The short answer is that SRAM is faster than DRAM, and you can be a lot
stingier with memory in C++ and hence fit more into the fast type of RAM.

Stack-based allocation is not by any means an "advanced" technique, and is the
absolute fastest form of memory management, full stop. It can deallocate an
arbitrary number of objects in a single assembly instruction. Good C++ makes
extensive use of the stack for this reason.

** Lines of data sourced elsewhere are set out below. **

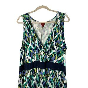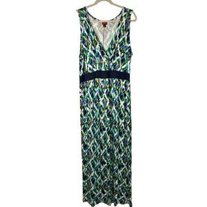 Experience summer elegance with the Merona Ladies Long Maxi dress. This sleeveless, V-neck dress boasts a multicolored design in green, white, and blue. Perfect for a chic, breezy summer look. Dress size is 1.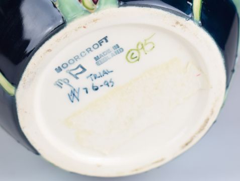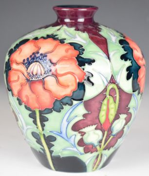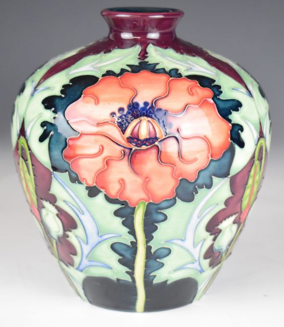 Moorcroft pottery baluster trial vase with large poppy decoration, 1995, height 17.5cm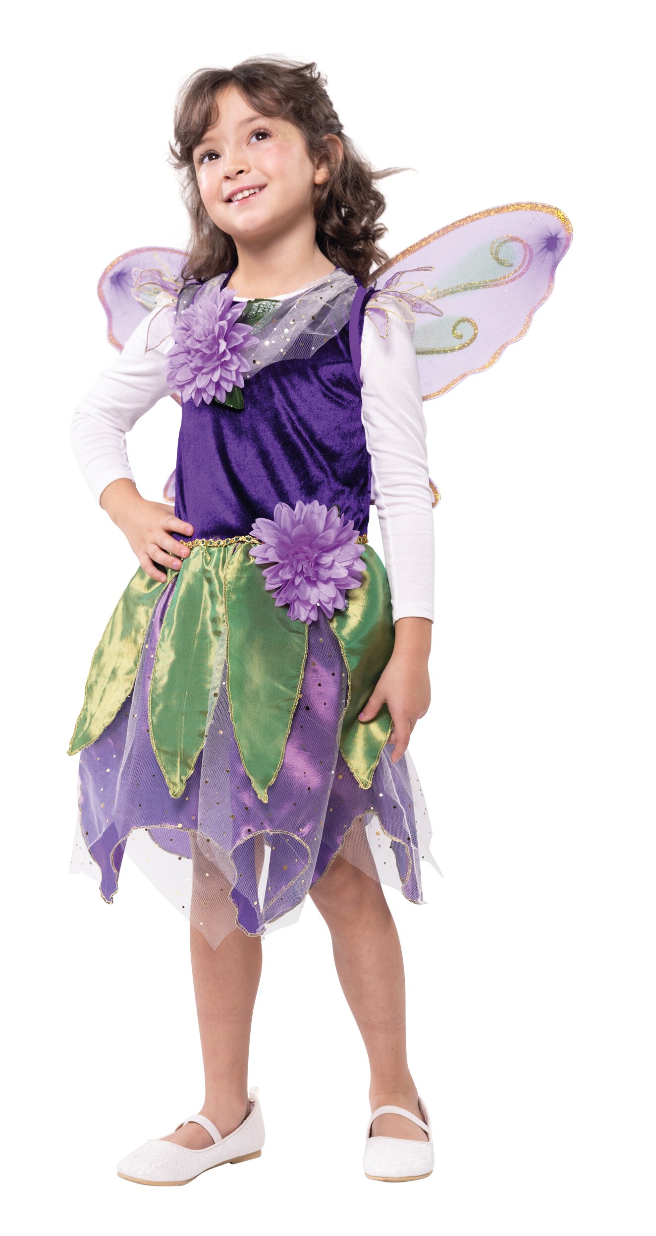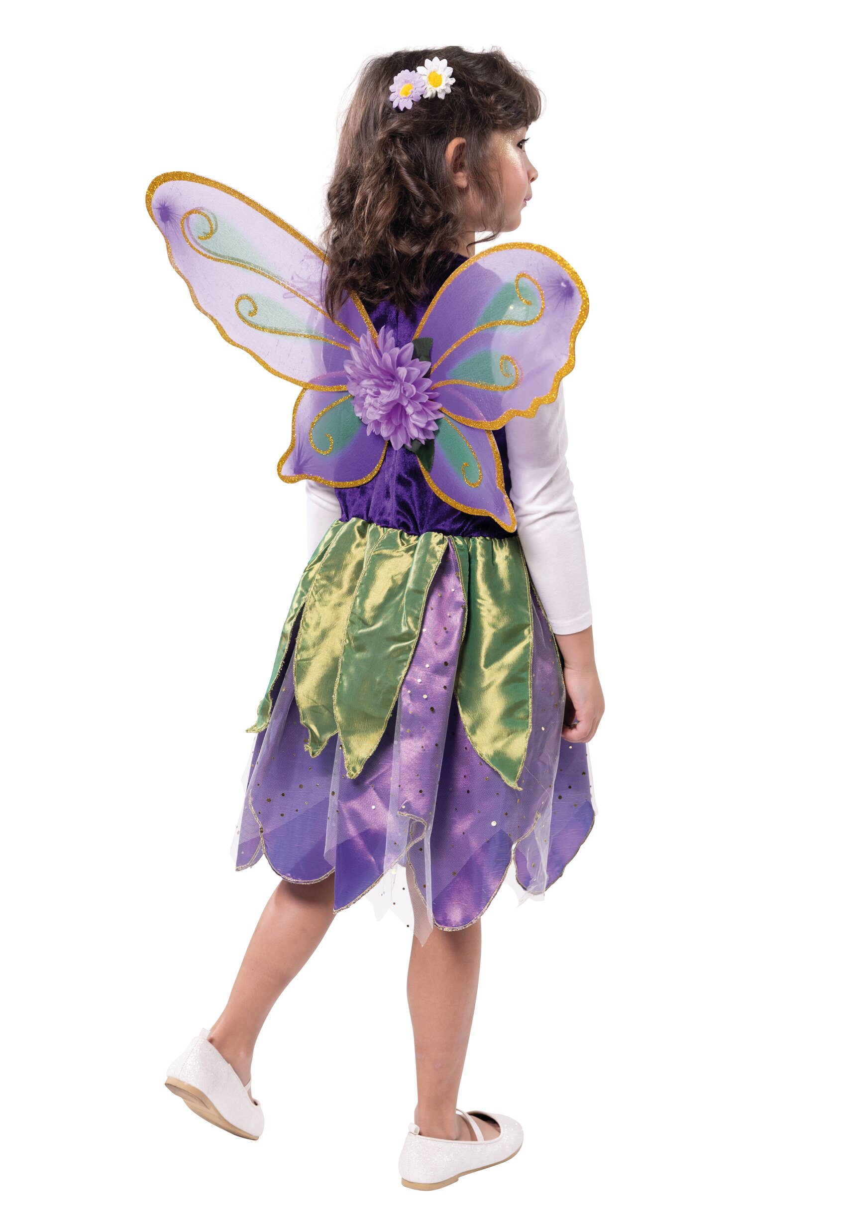 The top is made of panne velvet, the skirt is made of purple satin fabric and is overlaid with a layer of light tulle fabric with golden glitter dots and satin fabric strips cut in a leaf shape. A purple fabric flower and a gold-turquoise decorative border, reminiscent of a delicate belt, are attached to the front waist. The neckline is decorated with glitter tulle and another purple fabric flower, while small transparent “leaves” are attached to the shoulders. The fairy wings are also purple with decoration and a fabric flower is placed in the middle. They are held over the shoulders with elastic bands.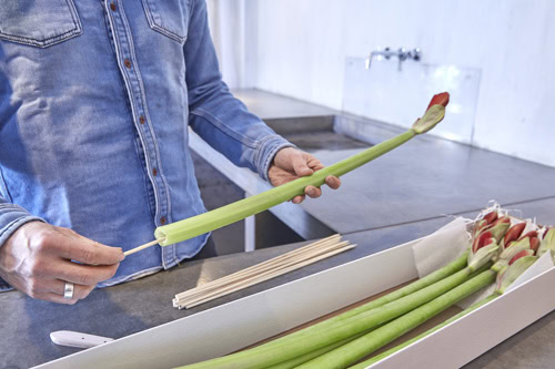 Of: laat de steel bewust langer en snijd de steel iets in zodat ze sierlijk kan krullen. Geef de bloemen de ruimte in een royale glazen vaas voor een natuurlijk, elegant effect.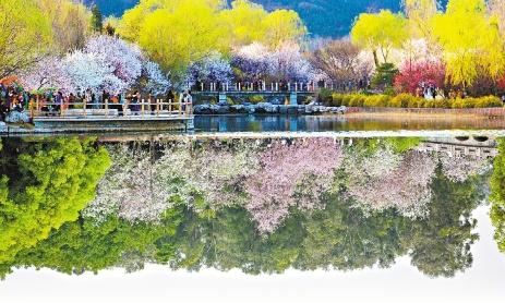 在高质量推进城园融合建设中,国家植物园持续开展彩化植物的研究推广,让人民群众春天能看到更多的花、秋天看到更多的彩叶、冬天看到更多的绿色。为了增加春季可观赏植物数量与种类,国家植物园还持续开展对新优植物的引种、研究,目前已拥有观赏桃品种70余个,是世界上拥有观赏桃品种最多的植物专类园。同时以国际海棠登录中心为依托,加强对海棠的研究、培育、收集和展示。目前已经集中收集了来自世界各地的200余个品种的观赏海棠,自主培育了“胭影”“雪柱”等海棠新品种,为彩化北京做出贡献。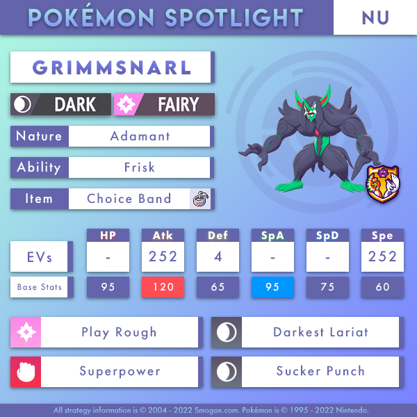 Grimmsnarl's menacing presence terrorizes NU! As one of the tier's most recent drops, Grimmsnarl has quickly established itself as a fierce wallbreaker, owing to its impressive Attack stat and offensive movepool. Moreover, its unique STAB combination is unresisted by the whole metagame; when boosted by Choice Band, Grimmsnarl can 2HKO defensive staples such as Sylveon, Vaporeon, and Vileplume. Darkest Lariat also lets it muscle past Defense boosting foes like Stamina Mudsdale and Curse Snorlax. Superpower OHKOes Stakataka and Copperajah, while Sucker Punch compensates for its mediocre Speed tier and allows it to pick off weakened faster threats such as Silvally-Ground, Salazzle, and Starmie. Alas, its frailty mandates pivot support; hence, it appreciates teammates like Passimian, Rotom-C, and Dragalge that can bring Grimmsnarl in safely. Additionally, they tend to invite in Pokemon like Xatu, Guzzlord, and Copperajah, respectively, which allows Grimmsnarl to wreak havoc afterwards. Furthermore, Dragalge overwhelms a shared check in Diancie, while Choice Scarf Passimian outspeeds offensive Pokemon that Grimmsnarl does not, as well as pressures a common defensive answer in Mudsdale.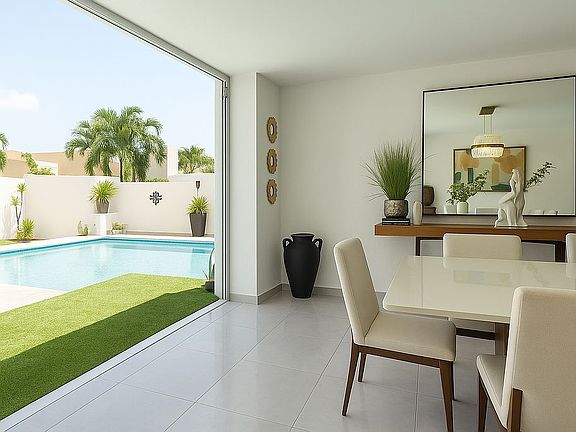 • Elegant dining area with folding glass doors overlooking the pool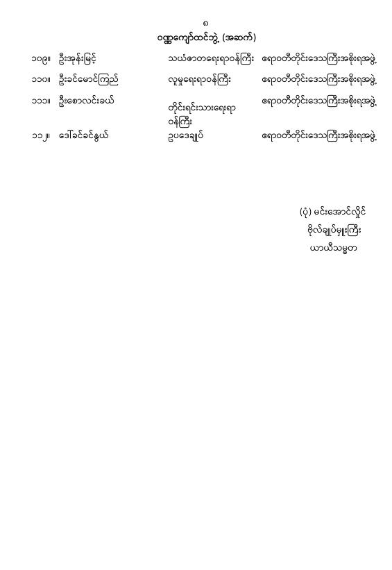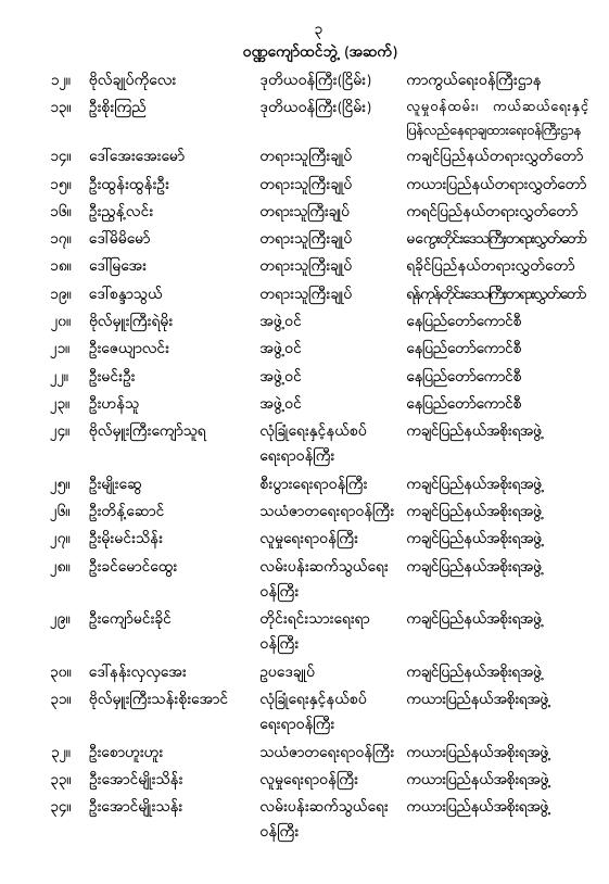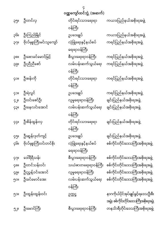 ဝန်ကြီးဌာန ကြေညာချက်များ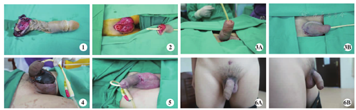 本例所遇困难及处理措施主要有:①患者入院时合并失血性休克,需要抗休克同时施术。术中止血要求仔细及精准,不能损伤主要血管。②本例合并部分阴囊皮肤撕脱,该处无可供吻合血管,撕脱面积较大,为手术效果带来一定的不确定性。③患者术后出现再植组织极度肿胀,一度怀疑为静脉回流不足。但是考虑再植阴茎龟头红润,包皮水肿透亮,阴茎体无硬实改变,动、静脉比例为2:3,发生血管危象的可能性较小。其肿胀考虑为缺血再灌注损伤,淋巴回流障碍,致组织弥漫性肿胀。④阴囊撕脱皮肤术后发生缺血坏死,经过清创后重新缝合,仍可维持阴囊外观完好,无明显阴囊缩小、瘢痕增生等情况。⑤术后局部伤口护理困难,为了避免患者心理刺激,减少女护士观察血运,均由男性家属陪护。应用自制"猪笼"样金属网罩作为局部支撑,然后棉被覆盖,避免床单压迫伤口及保暖。⑥本例为夫妻矛盾导致损伤,为了防止术后情绪不稳,予以实施全方位的心理辅导,渡过不适时期。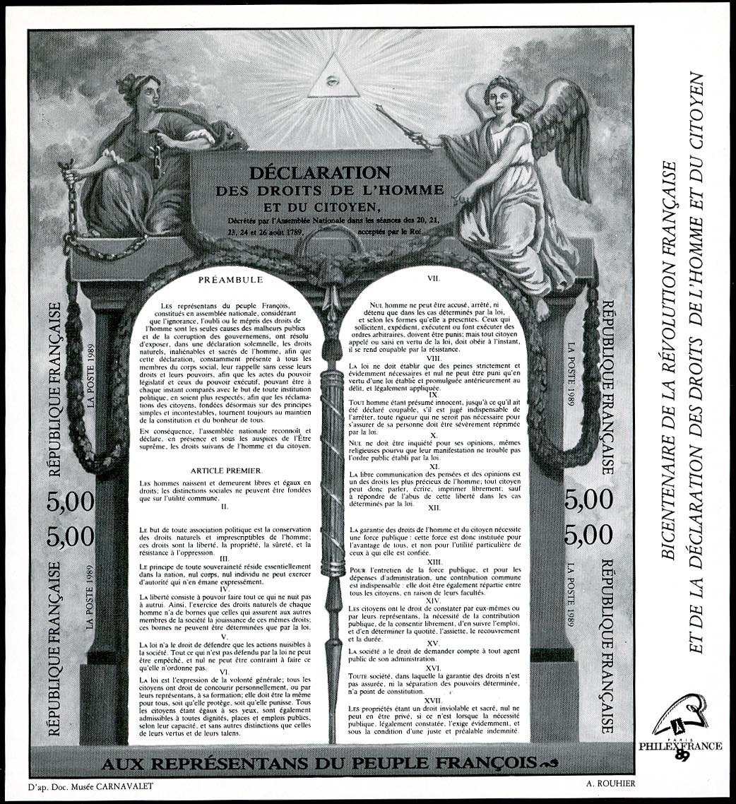 FRANCIA FOGLIETTI 1989 - Rivoluzione francese, foglietto stampato in nero (BF11A), gomma integra, perfetto.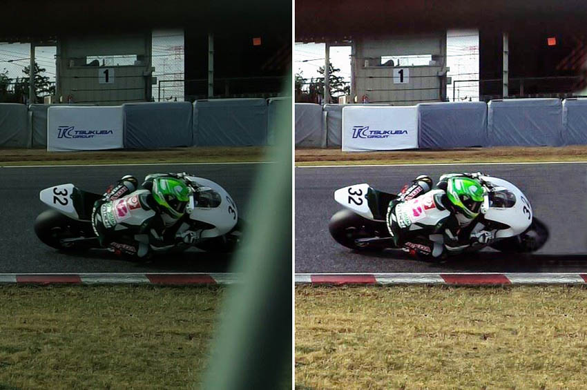 全日本ロードレース選手権が開幕しまして、昨日は筑波サーキットに行ってました。まあ今日も明日も行くんですがね。携帯をガラケーに変えたので、スマホで出来てたことができないんで、いろいろ新鮮な感じを受けてます。それはさて置き、昨日の走行を携帯で撮影してみました。フェンス越しなんでフェンスが写りこんじゃうのですが、写真の加工技術がありまして、それを使うとこんな感じに変わります。左が撮影したまま、右が加工したものです。

Stack allocated objects are densely packed into the L1 cache, making them
faster than objects from an allocator which might spray them over the address
space in suboptimal scenarios.

This absolute control over how memory is being used, (_when_ done well) is the
difference between "gee that's pretty fast" and "wow".

------
facorreia
One of Sutter's argument is that C++ is more cost-efficient in a data center
due to lower energy costs. Yet, I haven't heard of many SaaS applications
developed in C++. The Rails-style "just throw more servers at it" way is still
very popular (which Sutter mentions as optimizing for programmer
productivity).

I suppose for startups the answer is to eschew premature optimization (for
cost) and get the MVP done as quickly as possible (optimizing for programmer
productivity). And, if and when demand requires, invest enough to optimize the
bottlenecks.